No one is completely sure, but we think that in Glucoamylase Deficiency there was a disastrous incident at the local Kinkos during the dna/baby making process, and the instructions that tell each cell how to make Glucoamylase were, for lack of a better term, all f'ed up. Some cells still muddle through, and sometimes they can mange to make a little glucoamylase. Sometimes there are a few renegade cells make a pretty wonky version of glucoamylase (which, in its wonky-ness, it totally useless) but most of the cells see the f'ed up instructions and say "to hell with it, I'm going to lunch".

The end result is that there either aren't enough cells making glucoamylase, or they just make it v-e-r-y s-lo-w-l-y. Either way, there isn't enough.

Why does this matter?

Well, there are two reasons. First, our bodies are cool and all, but most of our cells (especially our brains) are damn picky. They can only use glucose.

Glucose can come from a couple of places.  One is, well, glucose.  Found in your handy-dandy piece of fruit or candy necklace, you find it anywhere your sweet tooth is happy.  All by itself, it's called a mono-saccharide (one-sugar).  However, just like that weird gnome that is always on vacation somewhere, most of the time glucose doesn't like to roam the food pyramid alone.  Sometime it'll hook up with fructose and boom!  Common table sugar, or "sucrose".  Sometimes it will just find another glucose buddy to bond with and boom!  One of our nemesis... maltose. All of those are di-saccachrides (two-sugars).  But sometimes it won't just hook up with one friend, but they'll have a block party and form a crazy conga line down the street.  Then you've got a poly-saccharide (many-sugar), also known as our other dietary nemesis...starch.

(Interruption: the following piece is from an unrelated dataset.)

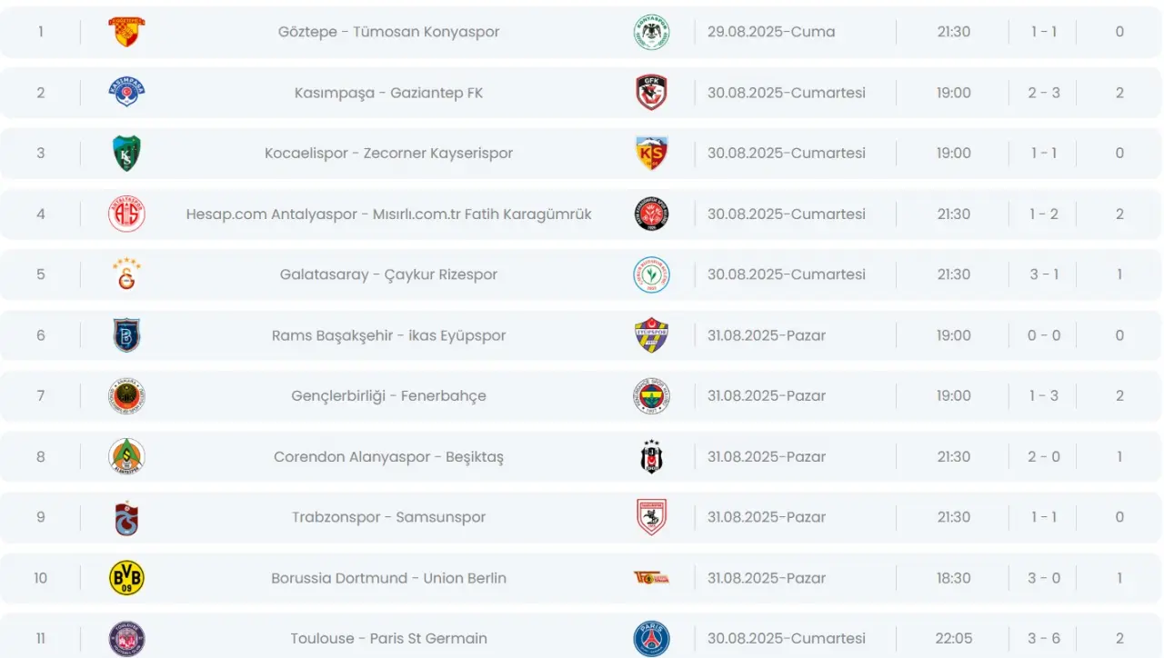 Gençlerbirliği - Fenerbahçe | 31.08.2025 | 1 - 3 |

Those enzymes that we talked about earlier?  They kinda work like the little pull-tab thingy on a zipper to break apart the sugar molecules until glucose is all alone and yummy yummy cell-food.  The cells can't use it if it's all hooked up and having a good old time with its buddies.  Just like cheap beer is the fuel for every college party, glucose- and glucose that is all alone and not hooked up with anything else- is the only fuel for the little party that the cells like to call the Krebs Cycle.

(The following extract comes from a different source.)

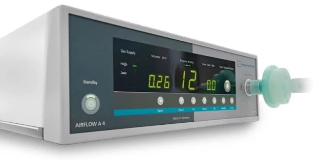 - Pre-inszufflációs mód: Kifejezetten a műtét elején, Veress-tűvel történő első hasi feltöltéshez optimalizált üzemmód a maximális betegbiztonság érdekében.

So anyway.  Because the enzyme-making cells are all f'ed up or out to lunch, all the starch or maltose just hangs out in the tummy irritating the intestines (making it harder for all the other good stuff to be absorbed), and is generally useless.  Except to the bacteria that we all have in our Guts, of course.  It like a bacteria buffet, and they chomp it up as fast as they can replicate.  And when they're done?  Gas.  And bloating.  And on and on... we all know the symptoms of Starchy Tummy are pretty miserable.

And this, in a nutshell, is what (and how and why) there is this thing called Pancreatic Glucoamylase Deficiency.  Or Maltase-Glucoamylase Deficiency. Or, as we like to say because mono-syllabic words are way easier (yay Regular English!)... Sharky's "Starch Problem".